Levin Häni et al. Cancers (Basel). .

Abstract

Background: Glioblastomas with methylation of the promoter region of the O(6)-methylguanine-DNA methyltransferase (MGMT) gene exhibit increased sensitivity to alkylating chemotherapy. Quantitative assessment of the MGMT promoter methylation status might provide additional prognostic information. The aim of our study was to determine a quantitative methylation threshold for better survival among patients with glioblastomas. Methods: We included consecutive patients ≥18 years treated at our department between 11/2010 and 08/2018 for a glioblastoma, IDH wildtype, undergoing quantitative MGMT promoter methylation analysis. The primary endpoint was overall survival. Results: A total of 321 patients were included. Median overall survival was 12.6 months.
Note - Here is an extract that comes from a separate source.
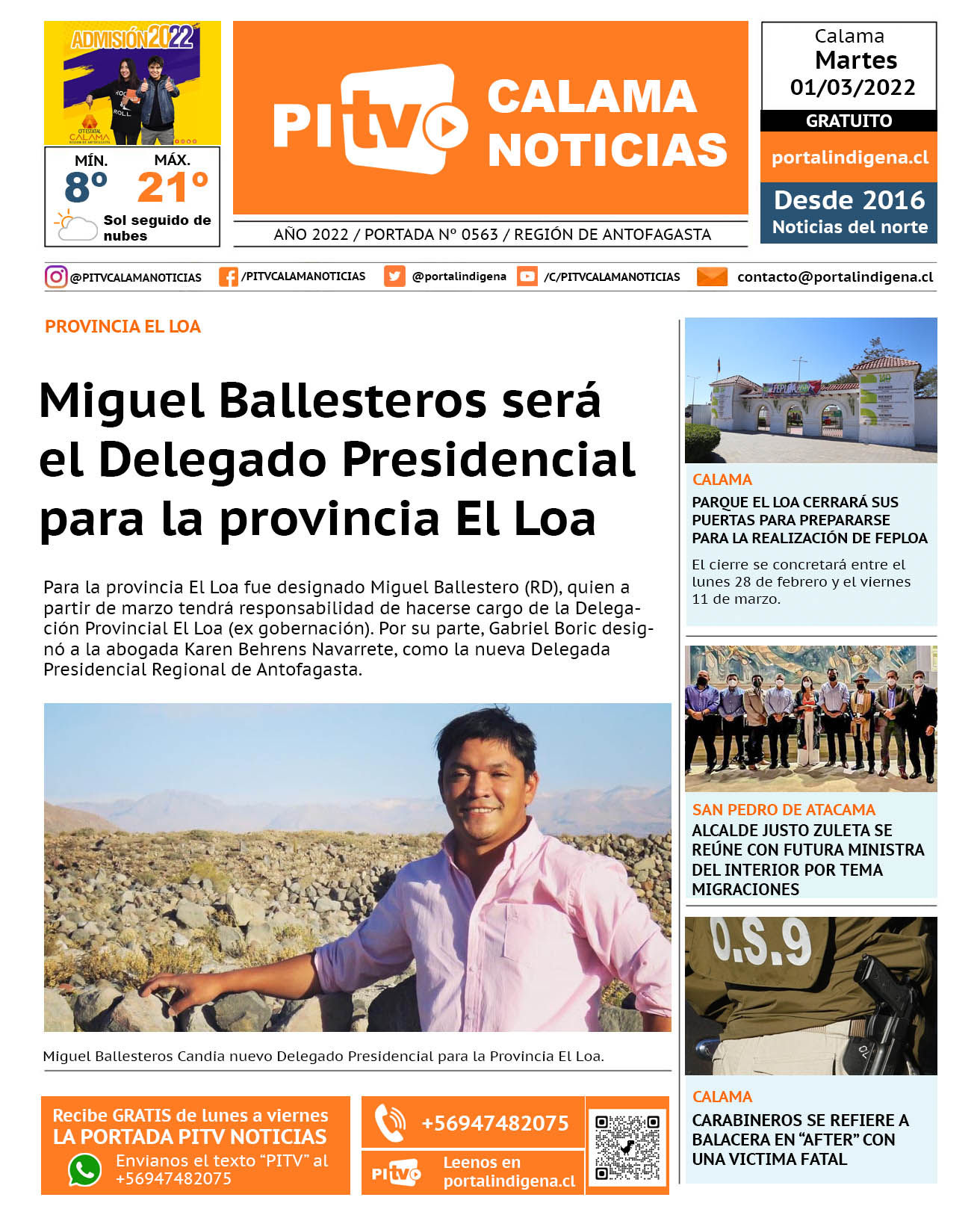 Noticias Portada Nº 563 Martes 01 de Marzo de 2022 Por PITV Calama Noticias Martes 1 Marzo 2022 | 08:00 Share FacebookTwitterWhatsApp VISITAS 126 Lo más leido Contraloría toma razón de Decreto que obliga a empresas de transporte vincular nombres de pasajeros con equipajes para combatir el “Narco Equipaje” 10 de Julio de 2024 Bienes Nacionales notifica desalojo de inmuebles fiscales ubicados en sector Sur de la extensión Puerto Seco en Calama 9 de Octubre de 2024 Doctora venezolana se mantiene internada en estado crítico en Hospital de Calama: Fue encontrada muy mal herida al interior de su departamento 29 de Septiembre de 2025 Autorizan adelantar las vacaciones de invierno para establecimientos educacionales municipales de Calama 13 de Junio de 2024 PITV Calama Noticiashttps://www.pitvcalamanoticias.cl [ads1] Share FacebookTwitterWhatsApp Previous articlePARQUE EL LOA CERRARÁ SUS PUERTAS PARA PREPARARSE PARA LA REALIZACIÓN DE FEPLOANext articleARTISTAS NACIONALES Y LOCALES DE TOCOPILLA RESCATAN CON MURALES SU PATRIMONIO BARRIAL CON FONDO PATRIMONIAL DE EL ABRA También puedes leer Investigan muerte de menor de 5 años en Antofagasta: hay una detenida 17 de Marzo de 2026 PDI despliega fiscalización migratoria masiva en Antofagasta y concreta detenciones por infracciones y expulsión vigente 17 de Marzo de 2026 Carabineros detiene a tres sujetos por tráfico de drogas en Calama 17 de Marzo de 2026 259 Lo Último Investigan muerte de menor de 5 años en Antofagasta: hay una detenida 17 de Marzo de 2026 PDI despliega fiscalización migratoria masiva en Antofagasta y concreta detenciones por infracciones y expulsión vigente 17 de Marzo de 2026

Kaplan−Meier and adjusted Cox regression analysis showed better survival for the groups with 16−30%, 31−60%, and 61−100% methylation. In contrast, survival in the group with 1−15% methylation was similar to those with unmethylated promoter regions. A secondary analysis confirmed this threshold. Conclusions: Better survival is observed in patients with glioblastomas with ≥16% methylation of the MGMT promoter region than with <16% methylation. Survival with tumors with 1−15% methylation is similar to with unmethylated tumors. Above 16% methylation, we found no additional benefit with increasing methylation.

Keywords: O(6)-methylguanine-DNA methyltransferase; glioblastoma; temozolomide.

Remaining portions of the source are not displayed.